3194df72cec99745647d[dot]date. A 104.28.6.141
3194df72cec99745647d[dot]date. A 104.28.7.141
That random-looking domain happens to be currently hosted on/through Cloudflare.
a) “Raw” TLDs: DNSDB data can include names with just one label (e.g., a TLD), or with two labels (a normal delegation point), and names with three or more labels (typically “fully-qualified domain names”).
We saw 850 raw effective-top-level domains. These can readily be identified by noting the “0, 0, ,” start to each of the relevant lines (e.g., the second-level part was of missing/of “zero length”, and obviously we won’t find any embedded words in a zero-length second-level label).
[...]
0, 0, , asia
0, 0, , asn.au
0, 0, , associates
0, 0, , at
0, 0, , attorney
0, 0, , auction
0, 0, , audio
0, 0, , auto
0, 0, , avianca
0, 0, , aw
0, 0, , ax
0, 0, , az
0, 0, , azure
[etc]
b) Domains With Extremely LOW Shannon Entropy Values:
While most of the “zero words found” domains truly did look random, there were some “zero-words-found” domains that nonetheless had readily-discernible-to-a-human-analyst NON-random patterns, such as runs of a single characters. These labels would have low levels of Shannon Entropy. To get a handle on this, we modified our Python code to compute and prepend the Shannon Entropy value associated with the “second-label” to each line (see Appendix IV). For example:
[Shannon Entropy, Words Found, second-level label length, 2nd-level label, TLD]
0, 0, 7, jjjjjjj, cn
0.6500224216483541, 0, 6, 55555f, com
0.8112781244591328, 0, 8, z666z666,com
0.9709505944546686, 0, 5, ggvvg, cn
Shannon entropy values less than one are quite uncommon for domain second-level labels, at least based on our sample:

Figure 5. Shannon Entropy Distribution for the 2nd-Label of the Test Corpus
c) Domains with “Dashed” Names:
We also noticed some domains with large numbers of dashes, such as:
2.766173466363126, 0, 62, 1-2-3-4-5-6-7-8-9-10-11-12-13-14-15-16-17-18-19-20-21-22-23-24, com
1.191501106916491, 0, 54, 0-0-0-0-0-0-0-0-0-0-0-0-0-33-0-0-0-0-0-0-0-0-0-0-0-0-0, info
1.228538143953528, 0, 54, 0-0-0-0-0-0-0-0-0-0-0-0-0-53-0-0-0-0-0-0-0-0-0-0-0-0-0, info
2.6081816167087406, 0, 23, h-e-r-n-a-n-c-o-r-t-e-s, com
2.695138138447871, 0, 23, f-i-v-e-d-i-a-m-o-n-d-s, com
2.5358577759182794, 0, 19, t-i-p-o-g-r-a-f-i-a, ru
2.641120933813016, 0, 19, m-y-w-e-b-p-o-k-e-r, eu
2.395998870534841, 0, 17, p-o-r-t-f-o-l-i-o, ru
2.5580510765444573, 0, 17, b-o-o-m-e-r-a-n-g, com
2.5580510765444573, 0, 17, p-r-e-j-u-d-i-c-e, com
1.9237949406953985, 0, 16, i--n--s--u--r--e, com
2.4956029237290123, 0, 14, ip-167-114-114, net
2.495602923729013, 0, 14, ip-144-217-111, net
2.495602923729013, 0, 14, ip-167-114-116, net
2.556656707462823, 0, 14, ip-144-217-114, net
2.610577243331642, 0, 14, ip-217-182-228, eu
2.6384600665861555, 0, 14, ip-167-114-119, net
2.6384600665861564, 0, 14, ip-149-202-222, eu
These patterns obviously suggest that there might be filtering value to heuristics that tally the number of dashes in a domain name, or to stripping dashes as a preliminary pre-processing step.

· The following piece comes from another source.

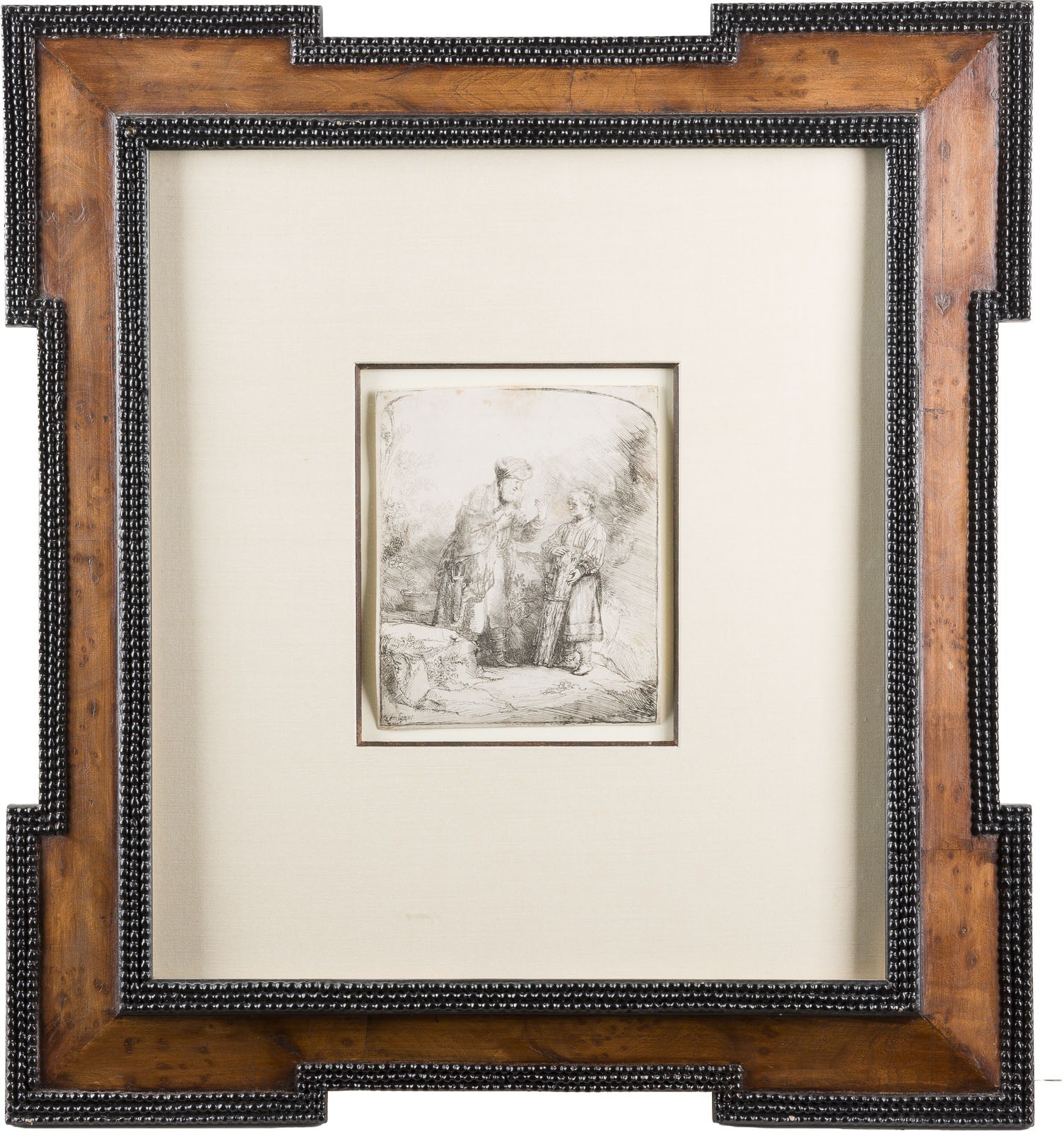 Radierung auf dünnem, glattem Papier ohne erkennbare Büttenstruktur oder erkennbares Wasserzeichen. BM 15,7 x 13,1 cm (R. 52 x 47,5 x 3,5 cm). Unten links in der Platte bez. 'Rembrandt 1645'. Fleckig, bis auf den Plattenrand beschnitten, part. besch. und rest., Ränder ergänzt; verso mit Tinte und Bleistift diverse handschriftl. Anmerkungen (sekundär). In einem Passepartout und hinter Glas gerahmt.

Checking the data, and exempting names exhibiting a “potentially-normal” number of dashes (e.g., zero through three dashes) from analysis, we see a distribution for the remaining names that looks like:

Figure 6. Distribution of Dashes Found in Effective Second-Labels (excluding names with 0-3 dashes)

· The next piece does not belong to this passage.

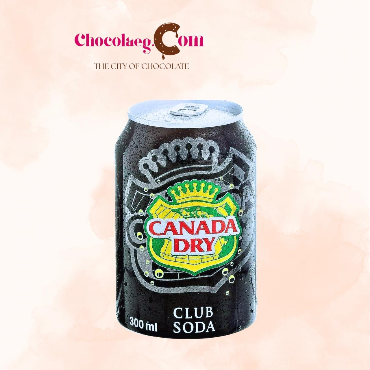Canada Dry Club Soda 300 ml . It is a zero-calorie, caffeine-free beverage with a sparkling and clean taste, making it suitable for cocktails or drinking on its own.

Given the existence of domains with this sort of atypical dash usage, one could envision a pre-processing rule that strips all dashes prior to searching the transformed name for words, although we’re not doing so at this time.
d) Non-English Words:
In other cases, inspection of the output makes it clear that if we’d included dictionaries for languages other than English, we would have detected foreign-language words. For example:
0, 23, trikolor-tv-elektrougli, ru
0, 20, muehlheim-aerztehaus, de
0, 16, ce-vogfr-aulnoye, fr
0, 15, buetler-elektro, ch
0, 15, cipriettigiulia, it
Obviously our initial focus on only English words was perhaps inappropriately provincial. The Internet is international, and has users who rely on French, German, Italian, Portuguese, Russian, Spanish, and every other language you can imagine.
What lists of foreign words can we find? First, note that we only want Romanized/Latin word lists (no Arabic script word lists, no Chinese/Japanese/Hangul script word lists, no Cyrillic word lists, etc.)

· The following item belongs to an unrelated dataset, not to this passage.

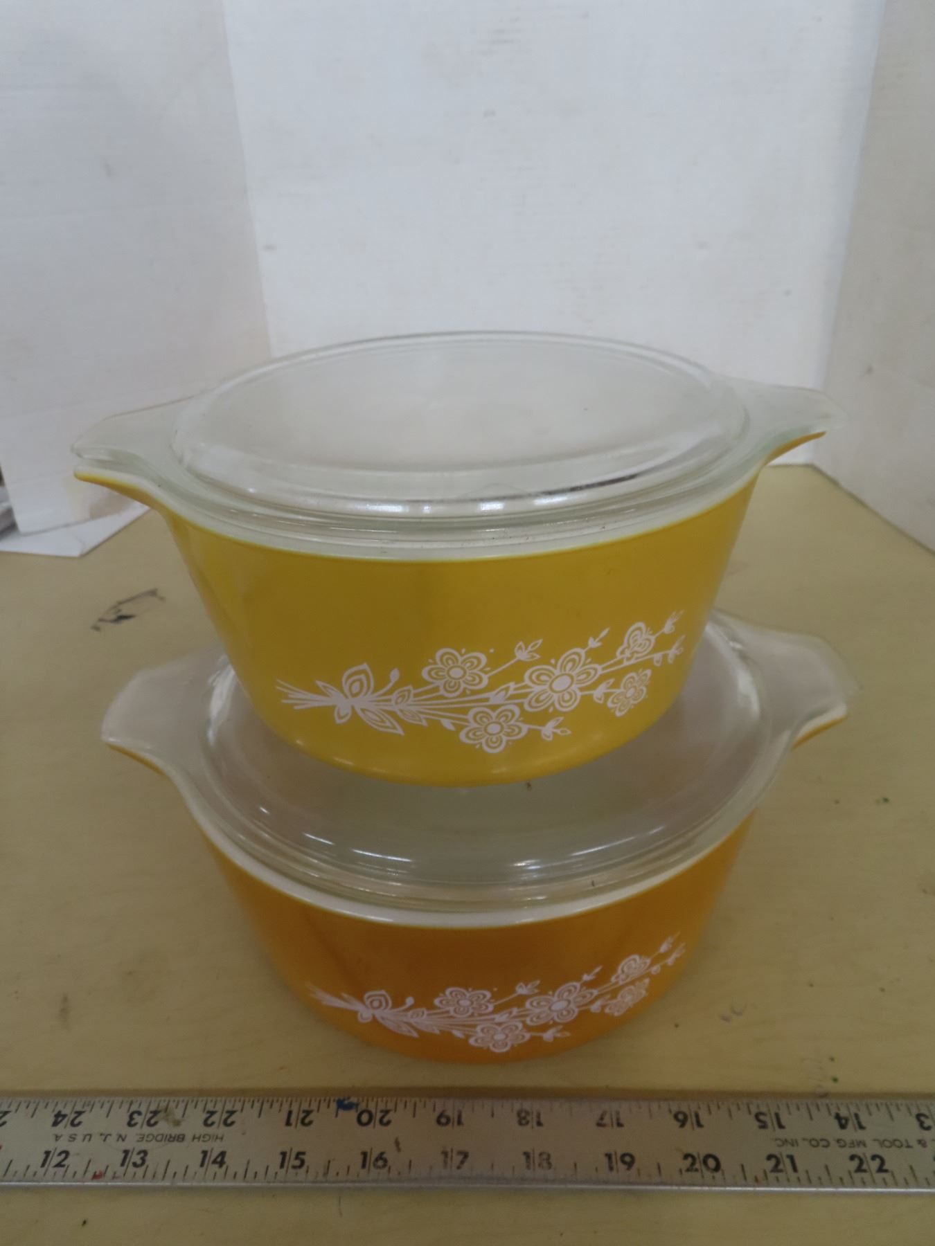 Pair of matching casserole dishes- gold daisy with lids- 1.5L and 2.5L

One potentially-rich source of Romanized foreign language words is the lists of foreign language words compiled for auditing password practices with password cracking software. See, for example, the 20+ foreign language word lists here We’ll assume that you’ve downloaded and merged those word lists, removing any words that include characters other than letters/digits/hyphens from the combined list.
After adding the new word lists and rerunning our
find-words.py
script with our new combined English-plus-foreign word list, we find far more embedded words, as reflected in FEWER domains with just a small number of words found.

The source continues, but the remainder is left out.